(Records for the exercise)
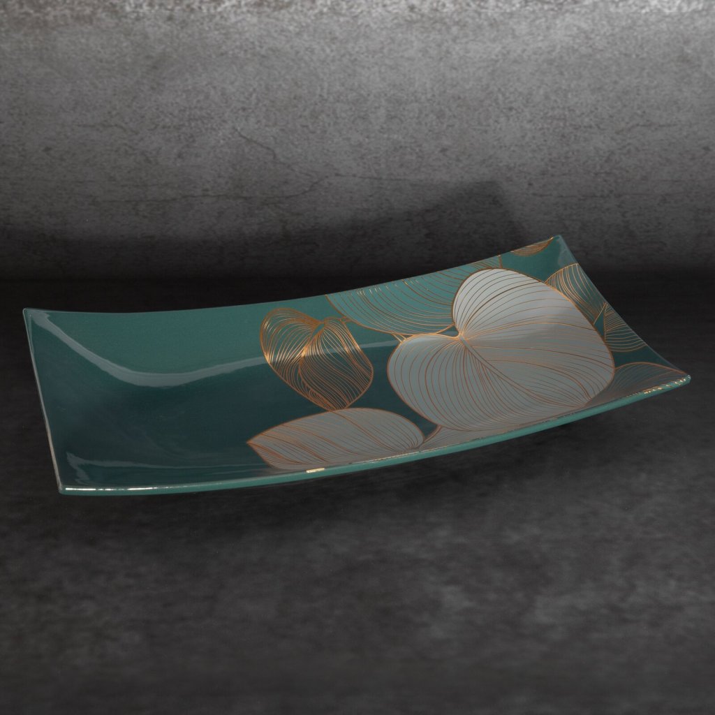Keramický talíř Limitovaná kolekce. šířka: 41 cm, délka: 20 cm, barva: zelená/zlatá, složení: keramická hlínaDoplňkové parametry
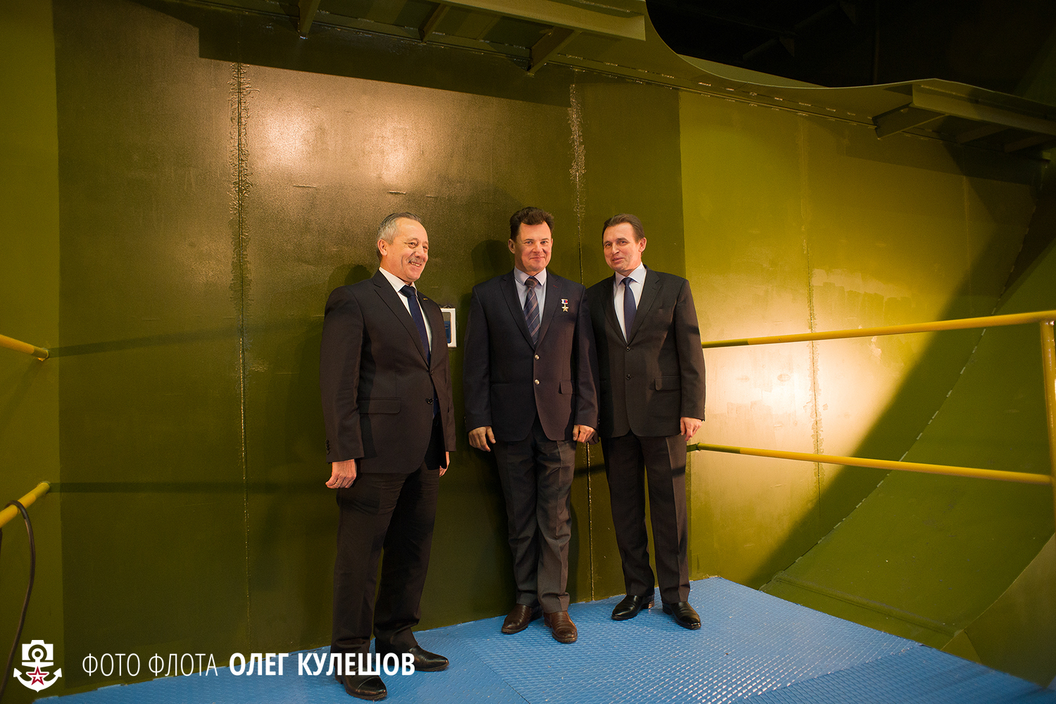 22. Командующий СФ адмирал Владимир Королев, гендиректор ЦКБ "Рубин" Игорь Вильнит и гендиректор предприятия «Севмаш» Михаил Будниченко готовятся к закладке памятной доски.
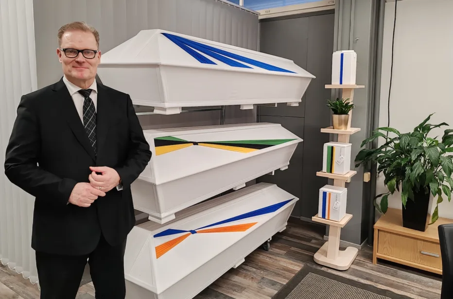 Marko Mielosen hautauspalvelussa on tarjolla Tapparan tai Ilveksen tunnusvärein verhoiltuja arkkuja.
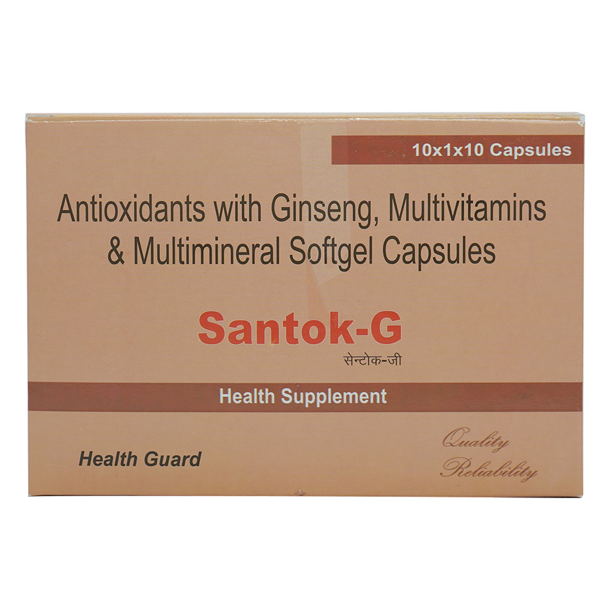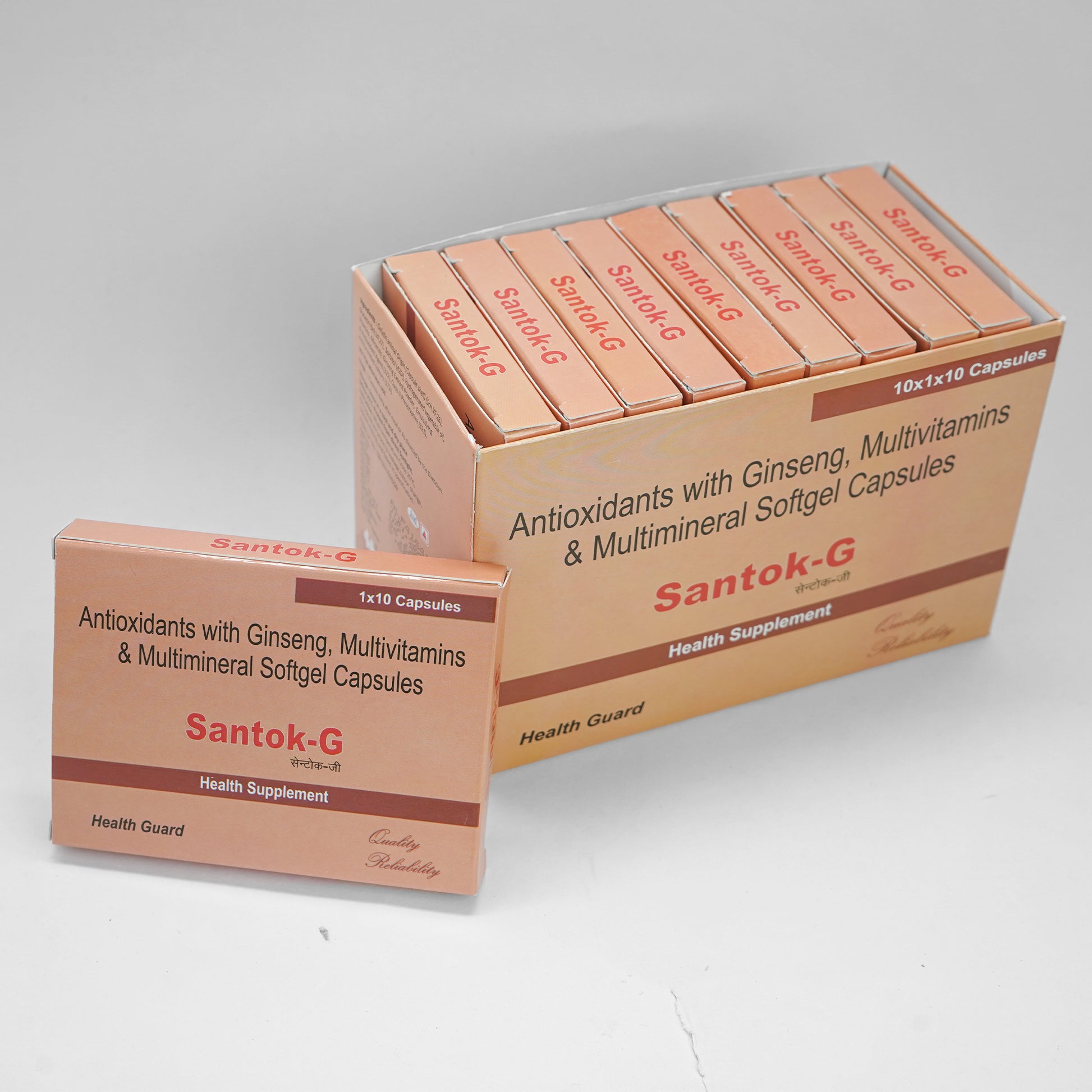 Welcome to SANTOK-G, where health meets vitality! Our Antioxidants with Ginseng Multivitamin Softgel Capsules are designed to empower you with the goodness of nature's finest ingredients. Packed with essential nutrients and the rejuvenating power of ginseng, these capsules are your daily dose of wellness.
(End Records for the exercise)
(Records for the exercise)
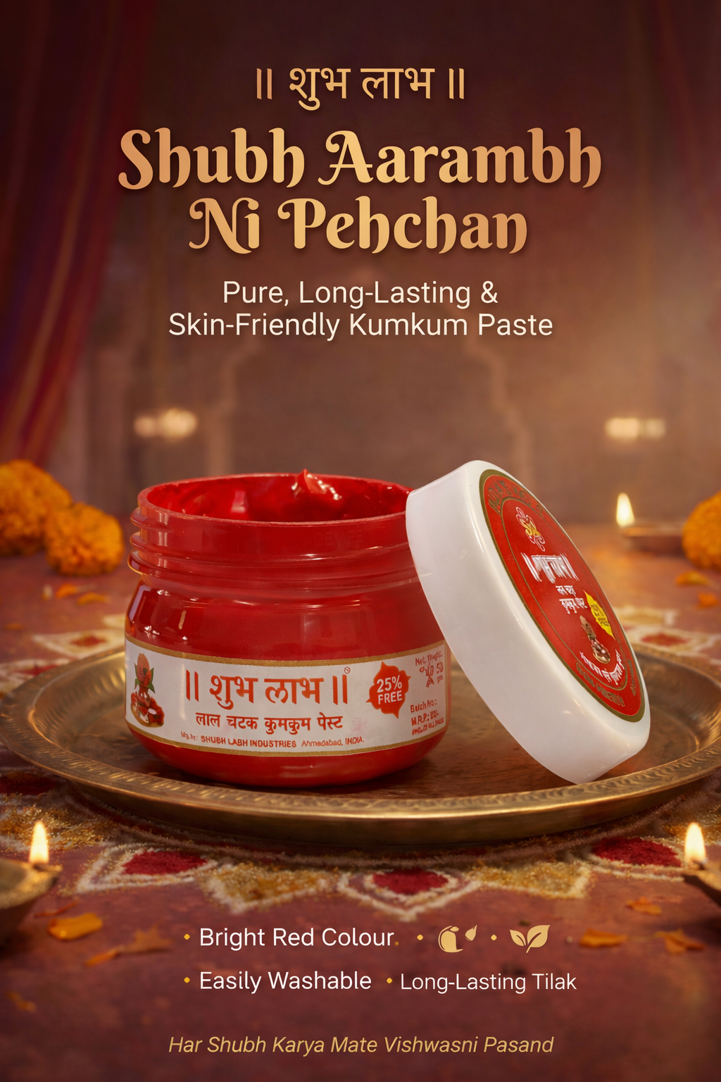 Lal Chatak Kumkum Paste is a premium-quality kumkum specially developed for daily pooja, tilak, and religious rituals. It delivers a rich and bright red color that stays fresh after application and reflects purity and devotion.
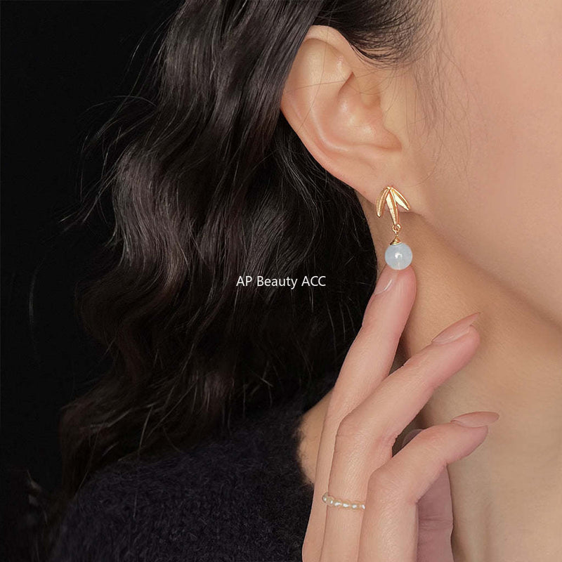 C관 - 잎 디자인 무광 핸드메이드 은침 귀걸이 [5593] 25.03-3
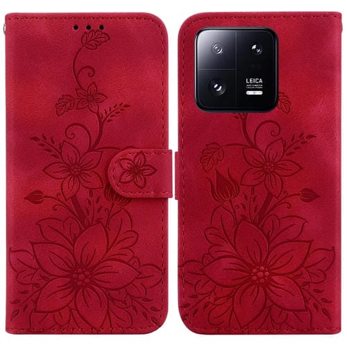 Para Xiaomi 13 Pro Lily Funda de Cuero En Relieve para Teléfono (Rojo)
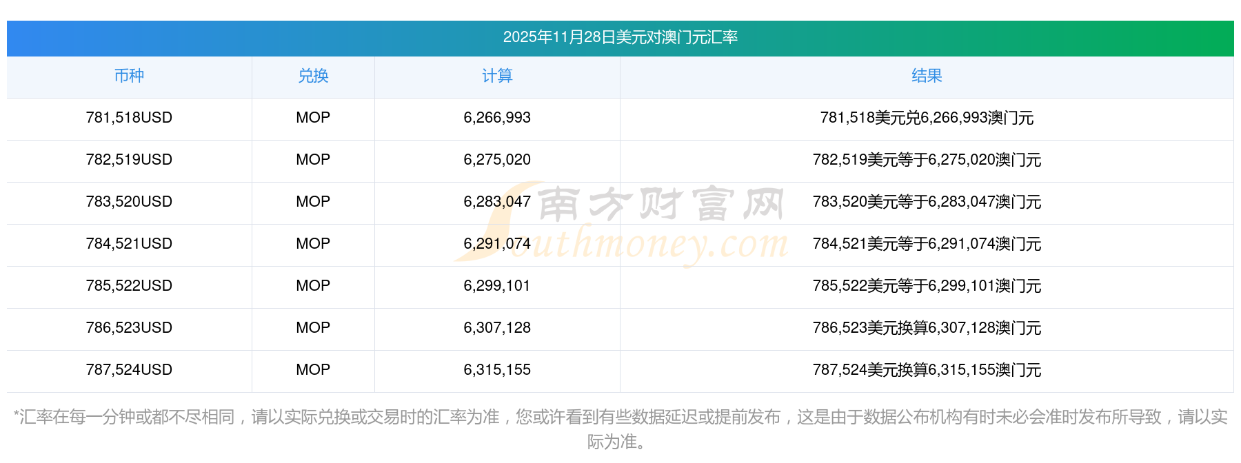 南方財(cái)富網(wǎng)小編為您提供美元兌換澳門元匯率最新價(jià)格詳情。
(End Records for the exercise)
(Records for the exercise)
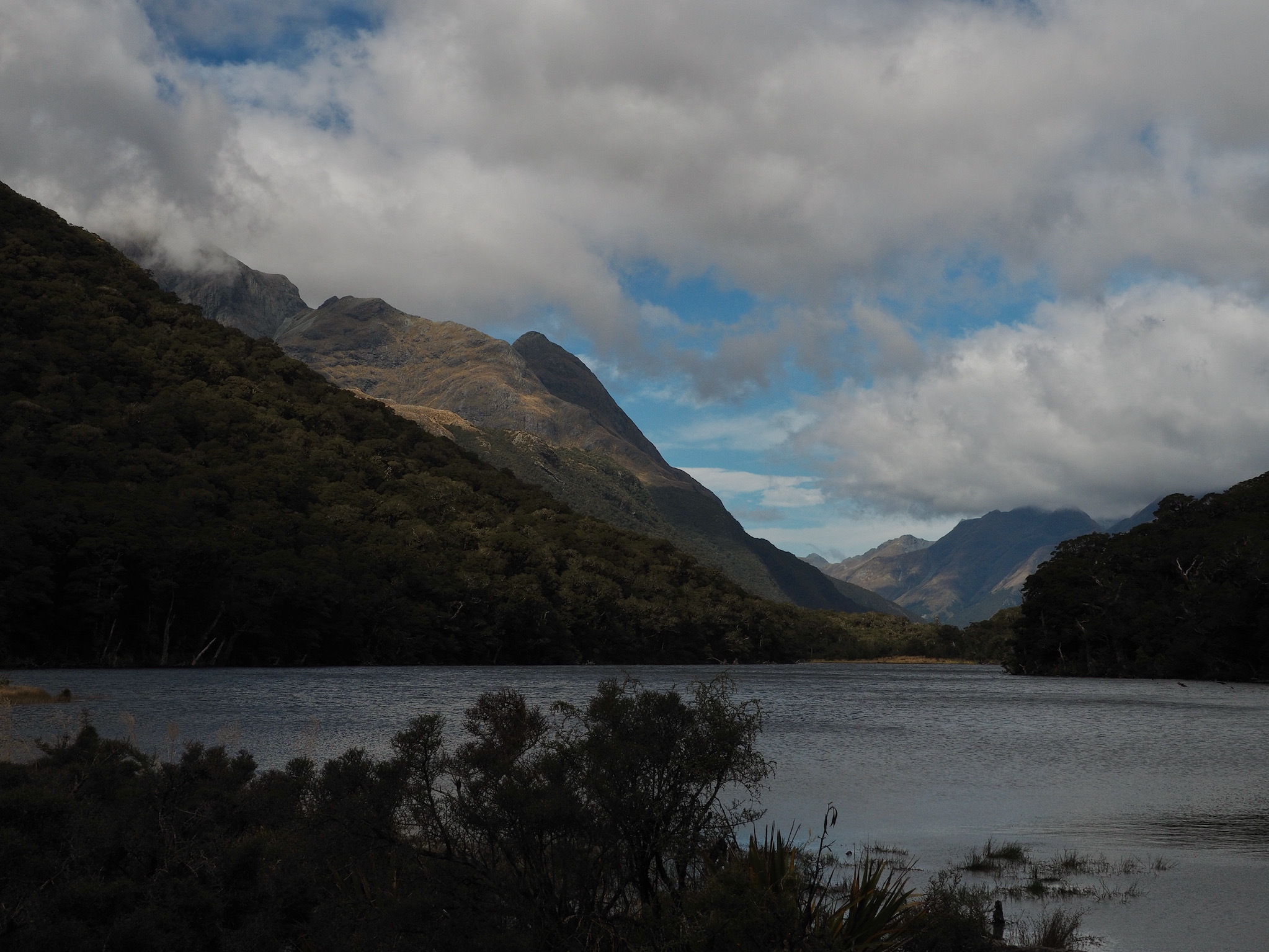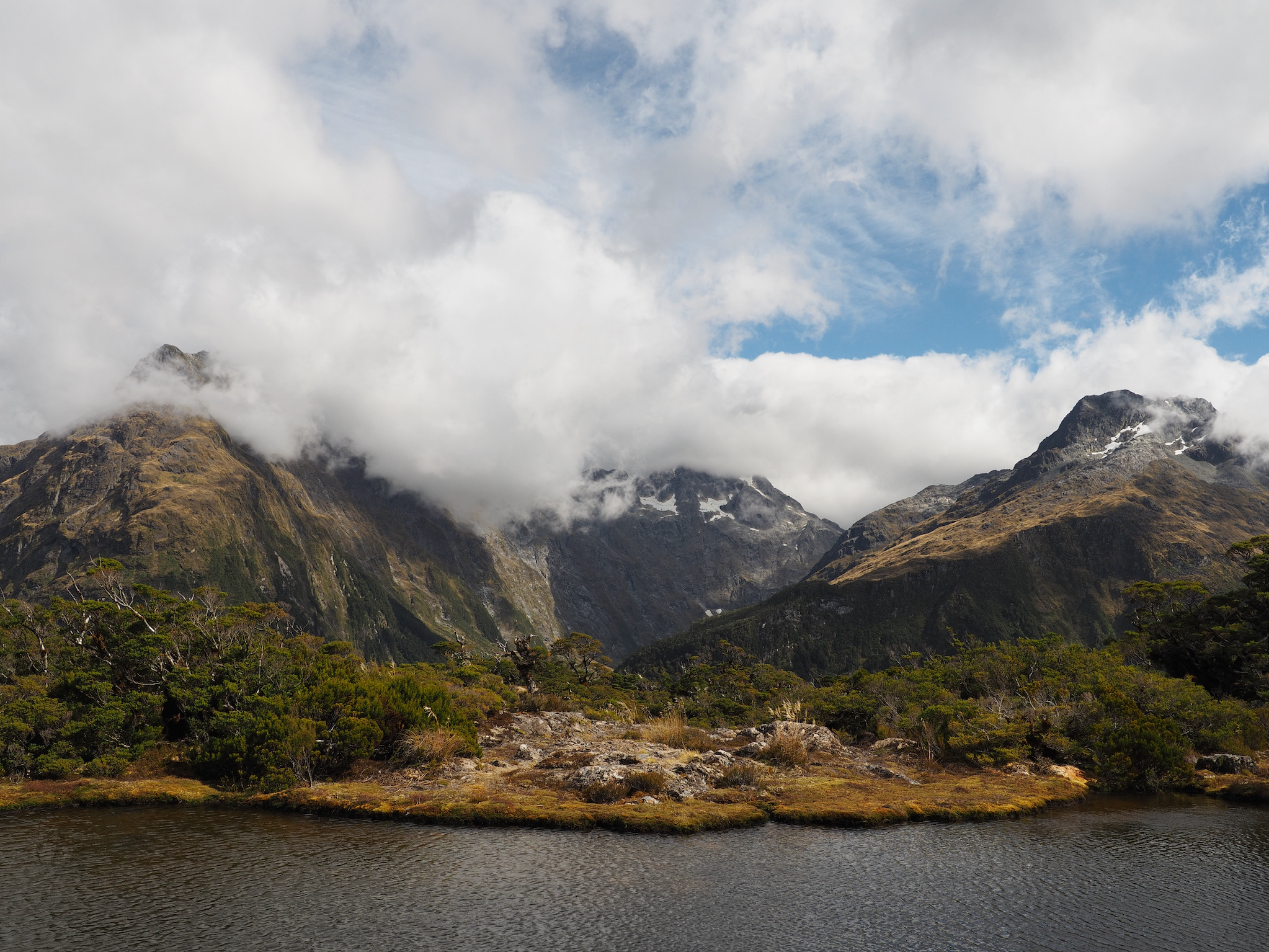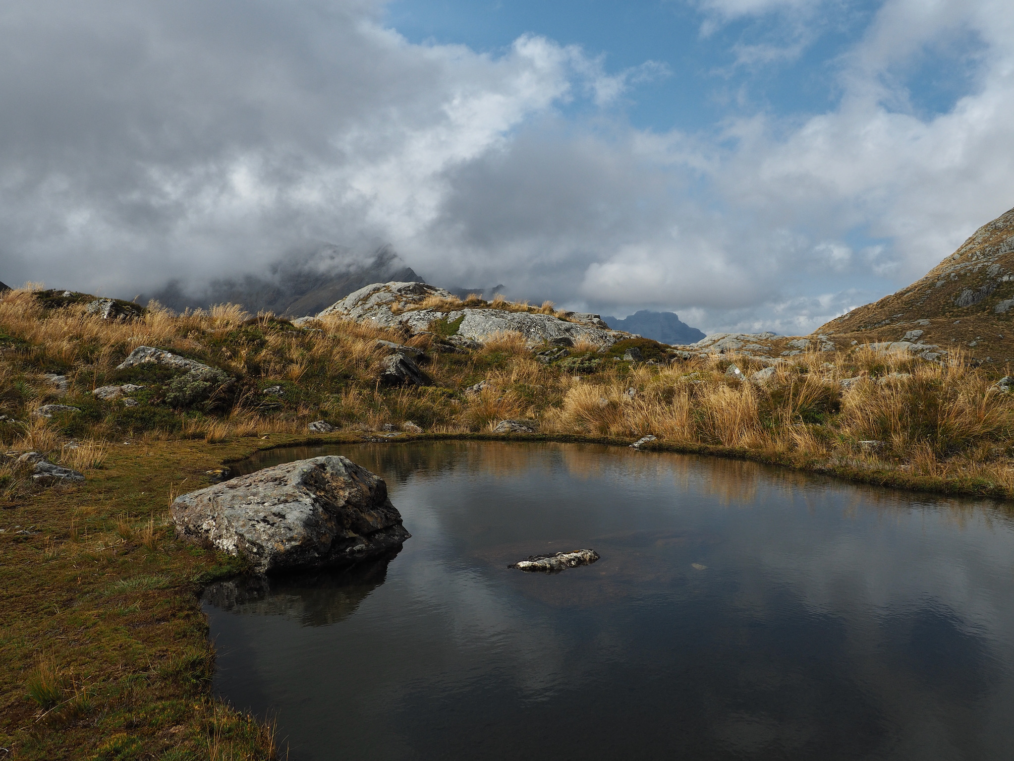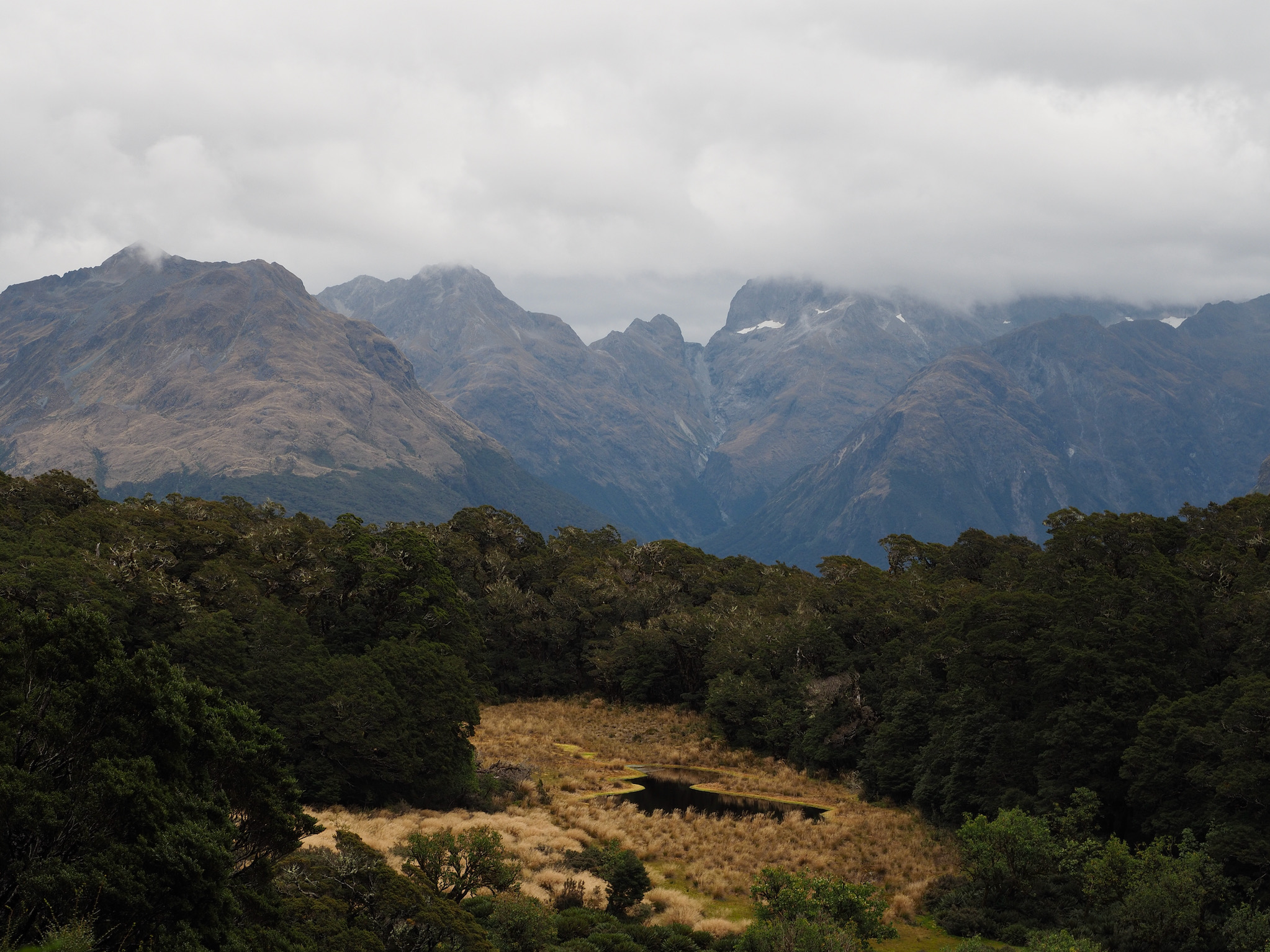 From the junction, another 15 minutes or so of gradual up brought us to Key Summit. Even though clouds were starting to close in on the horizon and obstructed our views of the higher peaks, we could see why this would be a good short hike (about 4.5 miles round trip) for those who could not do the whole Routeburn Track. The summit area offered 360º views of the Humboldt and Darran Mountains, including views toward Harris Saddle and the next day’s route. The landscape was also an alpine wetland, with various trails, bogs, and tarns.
(End Records for the exercise)
— Task instructions —
Out of the records above, return only the lines from the one with "Marko Mielosen hautauspalvelussa" through the one with "Welcome to SANTOK-G, where", exactly, and none of the pictures.

— Reply to the exercise —
 Marko Mielosen hautauspalvelussa on tarjolla Tapparan tai Ilveksen tunnusvärein verhoiltuja arkkuja.
 Welcome to SANTOK-G, where health meets vitality! Our Antioxidants with Ginseng Multivitamin Softgel Capsules are designed to empower you with the goodness of nature's finest ingredients. Packed with essential nutrients and the rejuvenating power of ginseng, these capsules are your daily dose of wellness.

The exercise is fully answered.